Referring to FIG. 16, in some embodiments of the invention, the
sensors may include a sensor 64q to provide an image of the
position of particular moving component of the landing string 22,
such as a ball valve, actuation sleeve, locking system, etc. of the
string 22. In this manner, the sensor 64q may be a video camera
sensor that is linked (via a fiber optic cable 310) to optics 312
and an illumination device 314 that are positioned near the
particular moving component. The sensor 64q communicates images of
the moving component to the processor 62 and telemetry circuitry 61
that, in turn, communicate electrical indications of these images
to the platform 20. Alternatively, the sensor 64q may be, for
example, a magnetic resonance imaging (MRI) sensor that provides
electrical indications of an image produced through an MRI scan of
a selected portion of the string 22. Other variations are
possible.
Referring to FIG. 17, in some embodiments of the invention, the
sensors may include a sensor 64h that is located at the end of the
tubing hanger running tool to provide indication of the proximity
of a landout interface for a particular component. The marine riser
24 is not depicted in FIG. 17 for purposes of clarity. As an
example, the sensor 64h may be an acoustic sensor. As a more
specific example, the sensor 64h may be a sonar antenna to provide
an acoustic image of the tubing hanger landing area in the well
tree 31 so that proximity to the landing out of the tubing hanger
72 on the well head may be ascertained. For this embodiment, active
sonar may be used and the string 22 may include a sonar
transmitter.
Referring to FIG. 18, in some embodiments of the invention, the
sensors may include various sensors to detect the possibility of
hydrate or wax buildup downhole. In this manner, the sensors may
include a sensor 64i that is located in the central passageway of
the production tubing 74 to measure the flow of a particular fluid
as well as other sensors 64j that measure various chemical and
other properties downhole that typically accompany or precede
hydrate or wax buildup. For example, the sensors 64j may include a
temperature sensor, as the temperature is a key factor in the
formation of wax deposits and hydrate formations. As another
example, the sensors 64j may include deposition sensors, sensors
that indicate the buildup of, for example, scale (calcium
carbonates etc), ashphaltenes, etc.
A sensor 64l (FIG. 19) may be located in the well tree 31 for
purposes of monitoring the flow rate of a particular injected
chemical that is introduced into the well at the well tree 31.

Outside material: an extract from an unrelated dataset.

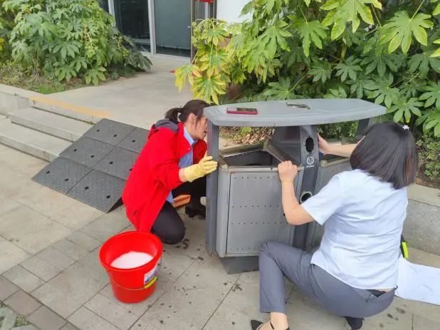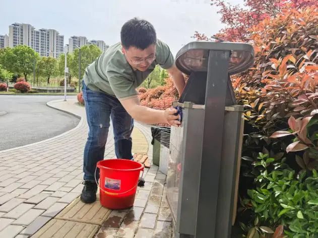 在具體的改造過程中,房管科朱斌等同志展現(xiàn)出高度的專業(yè)素養(yǎng)與敬業(yè)精神。他們在拆除老化損壞的部件后,對垃圾桶進(jìn)行深度清潔,為延長垃圾桶的使用壽命,還進(jìn)行了細(xì)致的防銹處理;最后,貼上具有防水特性的垃圾分類標(biāo)識貼膜,不僅在外觀上實現(xiàn)了美化,更是通過標(biāo)準(zhǔn)化的分類標(biāo)識,讓垃圾分類工作更加規(guī)范、高效,極大地提升了垃圾桶的環(huán)保效能,實現(xiàn)了功能的全面升級。

Other variations are possible.
While the present invention has been described with respect to a
limited number of embodiments, those skilled in the art, having the
benefit of this disclosure, will appreciate numerous modifications
and variations therefrom. It is intended that the appended claims
cover all such modifications and variations as fall within the true
spirit and scope of this present invention.